We've got to keep writing and making art.
I'm really trying to hold on to hope. Heaney's
The Cure at Troy has sustained me for decades, and this morning I'm typing out the part I love right here, by memory:
Human beings suffer,
They torture one another,
They get hurt and get hard.
No poem or play or song
Can fully right a wrong
Inflicted and endured
The innocent in gaols
Beat on their bars together
A hunger-striker's father
Stands in the graveyard dumb.
The police widow in veils
Faints at the funeral home.
History says,
Don't hope
On this side of the grave.
But then, once in a lifetime
The longed-for tidal wave
Of justice can rise up,
And hope and history rhyme.
So hope for a great sea-change
On the far side of revenge.
Believe that a further shore
Is reachable from here.
Believe in miracles
And cures and healing wells.
Call miracle self-healing:
The utter, self-revealing
Double-take of feeling.
If there's fire on the mountain
Or lightning and storm
And a god speaks from the sky
That means someone is hearing
The outcry and the birth-cry
Of new life at its term.
It means once in a lifetime
That justice can rise up
And hope and history rhyme.
I feel not a little despair.
Did you see the thin lips of the men who canvassed the crowd, pushed through ahead of him last night as he walked in and then, again, walked out?
Struck last night during the presidential address by a memory of working with women who had been abused by their husbands, by the ways abusers show recalcitrance, how the cycle continues. His dark imposition on the world. The two behind him. I cried during his convention speech and cried again during the inaugural one. Last night I watched the widow turn her face up to the sky as he droned on and the glamorous daughter looked on and all the people cried. No tears from me. I choked on bile. I thought about the great war machine that all presidents turn on, the tyranny of
the ultimate sacrifice, of valuing soldiers' lives more than those they kill. Samsara, illusion, delusion.
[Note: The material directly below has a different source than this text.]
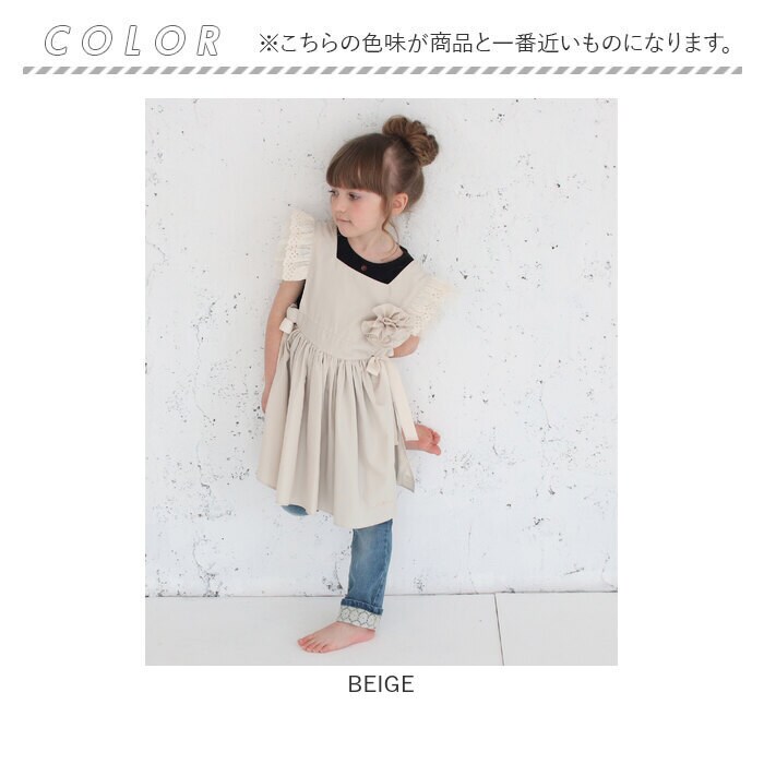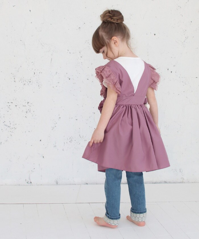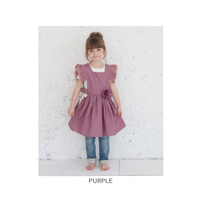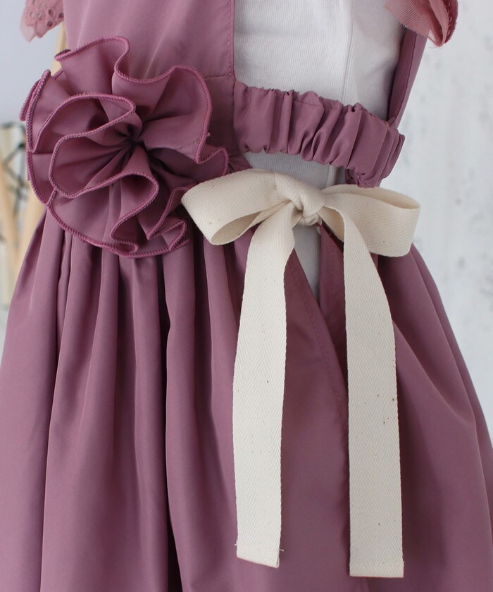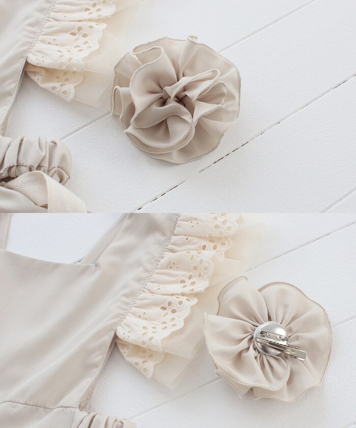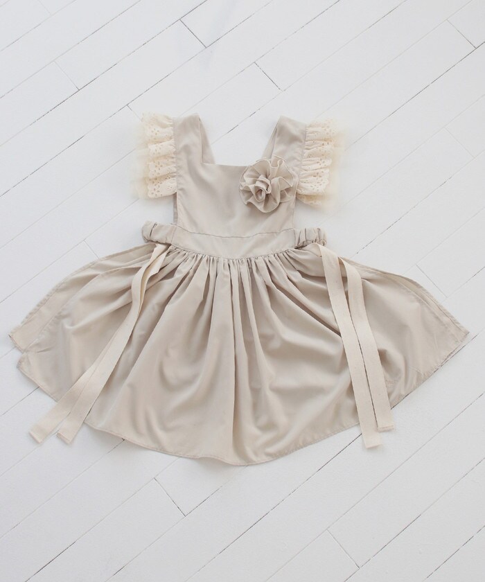 | サイズ | Sサイズ(90~100cm):身幅19cm(フリル下)/着丈52cm Mサイズ(100~110cm):身幅21cm(フリル下)着丈/60cm ※着丈は肩から測っています ※ウエスト部分はゴムが入っています コサージュの大きさ 約10cm(ピンの長さ4cm) |

Maya, the illusion or appearance of the phenomenal world.
This morning I see that the attorney general will not be supporting those states who have legalized marijuana, that he will, indeed, be marshaling forces to come down hard. He's got federal law to enforce and federal law pre-empts state law. I'm going to persist in believing in miracles and cures and healing wells even as prisons continue to fill and children die and the sheep are driven over the cliff.
I'm going swimming today, may a further shore be reachable.